A Week with Bill Buckley
By Review by Anil C. Dharker
Anil C. Dharker reviews William F. Buckley Jr.’s diary-memoir Cruising Speed, describing it as a week’s record in diary form written after Buckley’s brother won a Senate seat in 1970. Dharker portrays the Buckleys as an American equivalent of the Kennedys — wealthy, large, politically prominent — and finds the book entertaining but self-indulgent, noting Buckley’s evident lack of modesty and the parade of eccentric acquaintances (including trustees of a fund with links to the John Birch Society and figures who see communists everywhere). Dharker credits Buckley’s wit and intellectual honesty, but pushes back hard on the substance of one of Buckley’s stock speeches, which argues that safeguarding majority freedom sometimes requires suppressing a minority (implicitly including groups like the Yippies and Black Panthers) — a position Dharker calls self-refuting on liberal grounds, since it is precisely by liberal tolerance that Buckley himself is permitted to hold and voice such views.
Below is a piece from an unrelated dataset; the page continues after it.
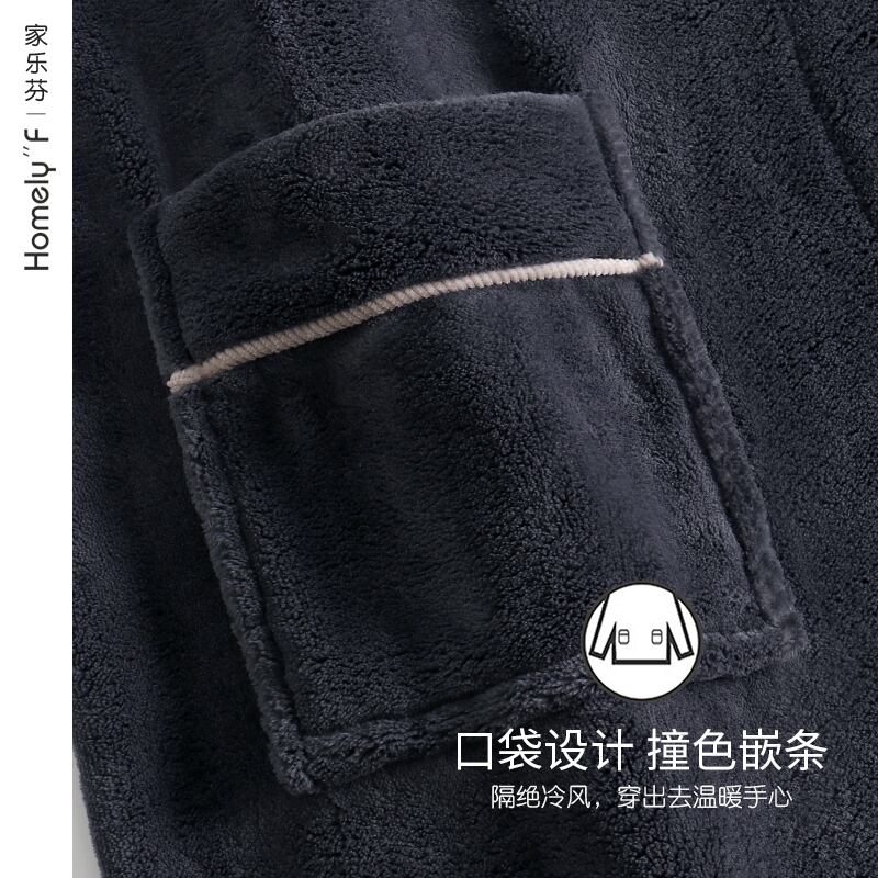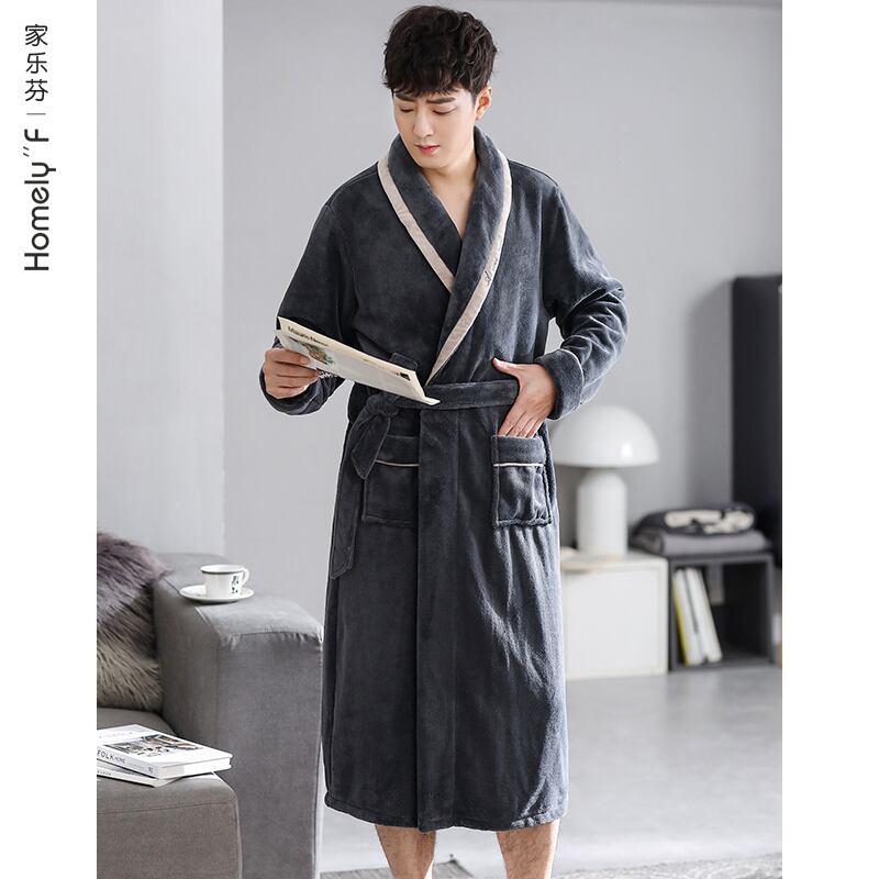 ナイトガウンメンズパジャマ秋冬冬コーラルフリースプラスベルベット厚手の暖かさフランネルバスローブロングバスローブ jial20081183986

- Cruising Speed is a diary-format memoir written shortly after Buckley’s brother won a U.S. Senate seat in 1970.
- Dharker compares the Buckley family’s wealth, prominence and size to the Kennedys.
- The review highlights eccentric figures around Buckley, including trustees of a fund linked to the John Birch Society.
- Buckley’s speech on the ‘usefulness of repression’ argues majority freedom sometimes requires suppressing minorities like the Yippies and Black Panthers.
- Dharker calls this position ironic, since it is liberal tolerance that permits Buckley’s own minority views to be expressed.
Mira
By Geeta Doctor
Geeta Doctor reviews Alyque Padamsee’s stage production of Gurcharan Das’s play Mira, describing it as a ‘visual enactment’ in which four actors narrate and project rather than conventionally act out the story of the Rajput princess-saint Mirabai, set against three large screens showing Rajput miniature-style imagery. The review praises the production’s integration of sight, sound, and stylised, heightened language, and highlights Das’s own framing of the play as a ‘20th century look at the phenomenon of sainthood,’ with Mira’s arc from shy bride to figure who vanishes in blinding light also embodying a conflict between the bloodthirsty goddess Kali and the joyful, child-like Krishna to whom Mira ultimately turns. Doctor judges some plot elements (such as a cup of poison becoming nectar) more dramatic than convincing, but calls the overall production a triumph of Padamsee’s directorial vision that leaves the audience feeling they have briefly shared ‘the ecstasy of Mirabai.’
- The production, directed by Alyque Padamsee from Gurcharan Das’s play, uses four actors who narrate/project rather than act out Mira’s story in the conventional sense.
- Three large screens display Rajput-miniature-style imagery and shadow projections as part of the staging.
- Das describes the play as a ‘20th century look at the phenomenon of sainthood.’
- The narrative stages a symbolic conflict between the goddess Kali (whom Mira’s husband compels her to propitiate) and the child-like Krishna to whom Mira is devoted.
- Doctor finds some plot turns (e.g., poison turning to nectar) dramatically effective but not fully convincing, while praising the production overall as a directorial triumph.